DATA RECORDS:
::::::::
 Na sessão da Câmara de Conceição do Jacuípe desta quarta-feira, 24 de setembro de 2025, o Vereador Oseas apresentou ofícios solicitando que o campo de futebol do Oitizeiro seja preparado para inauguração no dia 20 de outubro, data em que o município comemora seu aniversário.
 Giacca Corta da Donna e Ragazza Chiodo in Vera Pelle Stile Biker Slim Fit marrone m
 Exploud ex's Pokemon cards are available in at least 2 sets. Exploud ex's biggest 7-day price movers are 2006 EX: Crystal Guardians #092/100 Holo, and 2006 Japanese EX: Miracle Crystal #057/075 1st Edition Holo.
::::::::
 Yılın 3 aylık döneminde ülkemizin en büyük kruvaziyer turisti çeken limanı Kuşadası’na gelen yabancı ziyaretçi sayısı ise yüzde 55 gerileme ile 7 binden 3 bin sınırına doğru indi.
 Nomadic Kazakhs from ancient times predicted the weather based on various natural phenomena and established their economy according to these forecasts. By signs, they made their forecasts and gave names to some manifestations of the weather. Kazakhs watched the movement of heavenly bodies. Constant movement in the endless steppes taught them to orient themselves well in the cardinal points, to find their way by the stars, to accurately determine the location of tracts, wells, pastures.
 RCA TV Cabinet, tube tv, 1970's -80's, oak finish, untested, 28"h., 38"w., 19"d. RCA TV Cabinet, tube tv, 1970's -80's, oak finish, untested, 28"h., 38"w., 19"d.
::::::::
WHAT YOU WILL DO:
Would you please repeat exactly the lines above, starting at the line with "Giacca Corta da" and stopping at the line with "Exploud ex's Pokemon", both included?

WRITTEN RESPONSE:
 Giacca Corta da Donna e Ragazza Chiodo in Vera Pelle Stile Biker Slim Fit marrone m
 Exploud ex's Pokemon cards are available in at least 2 sets. Exploud ex's biggest 7-day price movers are 2006 EX: Crystal Guardians #092/100 Holo, and 2006 Japanese EX: Miracle Crystal #057/075 1st Edition Holo.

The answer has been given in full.